JDRF-Led Workshop Explores Progress toward an Artificial Pancreas System

Research Highlights

Leading experts from industry, academia, and government came together the second week of April in Bethesda, MD, to discuss innovation in the development of an artificial pancreas system at a workshop hosted by the National Institutes of Health, the Food and Drug Administration (FDA), and JDRF. A commercially-viable artificial pancreas system would mimic the biological function of the pancreas in people with type 1 diabetes (T1D).

The workshop took a comprehensive approach to developing an artificial pancreas system and bringing it to market—research scientists presented their latest findings from laboratory work and clinical trials, industry investigators highlighted state-of-the-art advancements in technology, and government officials laid out the challenges to commercialization. Topics included everything from new device designs and approaches to optimize artificial pancreas systems, to improving insulin hormone replacement and ways to accelerate device production.
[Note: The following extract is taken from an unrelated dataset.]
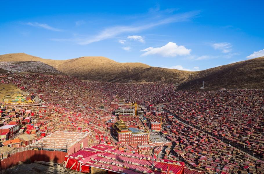 Původně stanový tábor buddhistických mnichů, který chtěla komunistická Čína zničit, se nachází v horách S’-čchuanu, v nadmořské výšce okolo 4 tisíc metrů nad mořem.
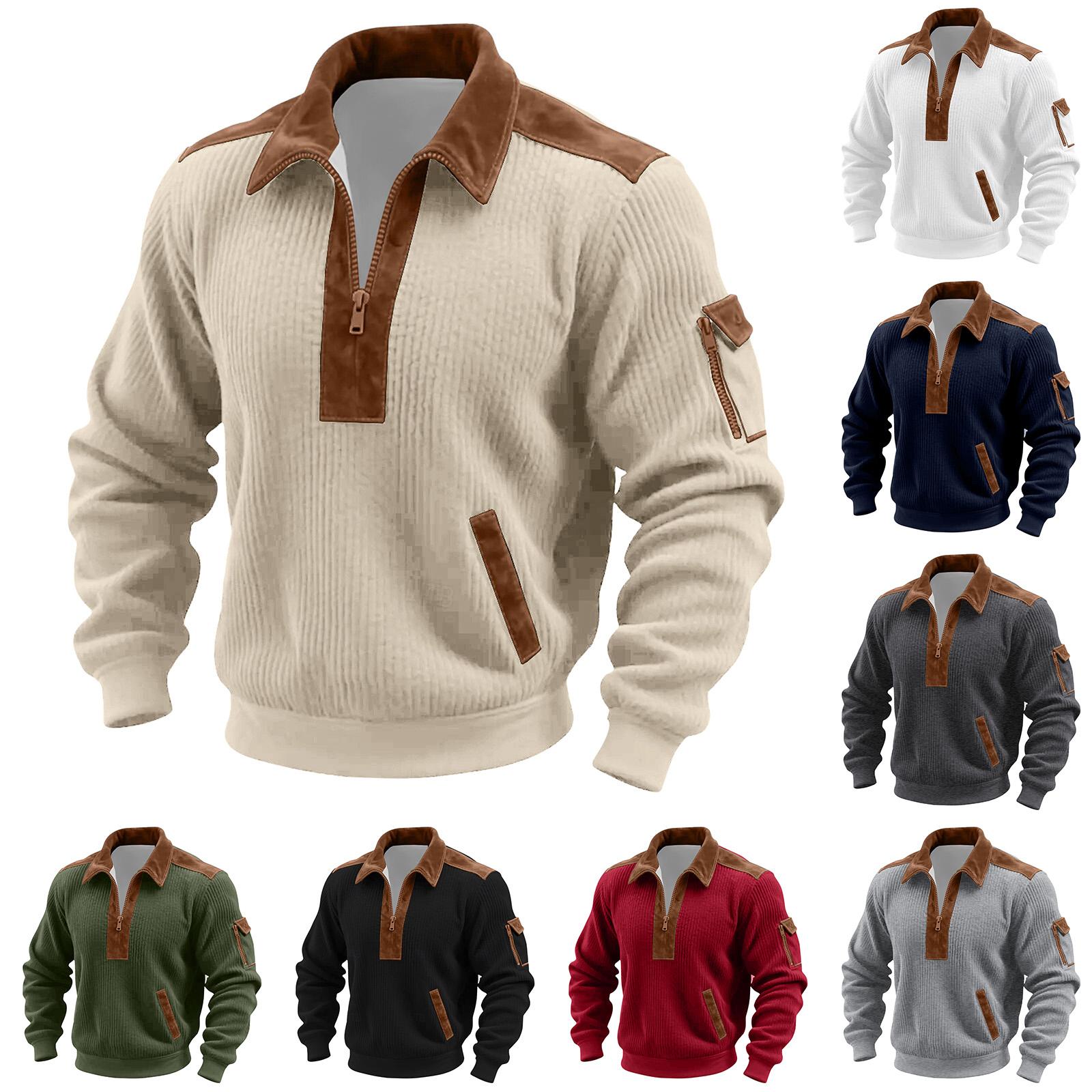 Men's Solid Color Corduroy Zipper Neck Long Sleeve Top Men's Casual Lapel Top cm Dark blue

Roman Hovorka, Ph.D., director of research in the department of pediatrics at the University of Cambridge, shared successful results from a recent outpatient clinical trial of the artificial pancreas system that was used in children and adolescents overnight. Using unsupervised home studies that lasted an average of one week, Dr. Hovorka found that blood-glucose levels remained in healthy targeted ranges and that participants found the technology easy to use.

Arleen Pinkos, scientific reviewer at the FDA, addressed the challenges of making the artificial pancreas commercially available from a regulatory perspective. Pinkos told attendees that the FDA is relying on strong science, expert opinions, and clinical study evidence when reviewing the device. She emphasized that the challenge lies in labeling the device—it has to be easy to understand, with concise yet comprehensive directions. “If the user thoroughly understands the limits of the system, that helps mitigate risk and tips the balance in a favorable direction [for approval],” Pinkos said.

Other key presenters included Boris Kovatchev, Ph.D., from the University of Virginia, who spoke about the mobile platform of the artificial pancreas and how it operates; Kenneth Ward, M.D., senior scientist at Legacy Research Institute, who shared with participants the development of an “intelligent” catheter than combines hormone delivery with glucose sensing; and Steve Prestrelski, Ph.D., chief scientific officer at Xeris Pharmaceuticals, who shed light on novel glucagon formulations that are being developed for possible use in artificial pancreas systems.

In total, more than 40 presenters shared key findings in their field with the 175-person-strong audience.

“Incredible progress has been made on developing an artificial pancreas system,” says Aaron Kowalski, Ph.D., vice president of treat therapies at JDRF. “The ultimate goal is to get these devices into the hands of people with type 1 diabetes to ease the burden of living with this disease.”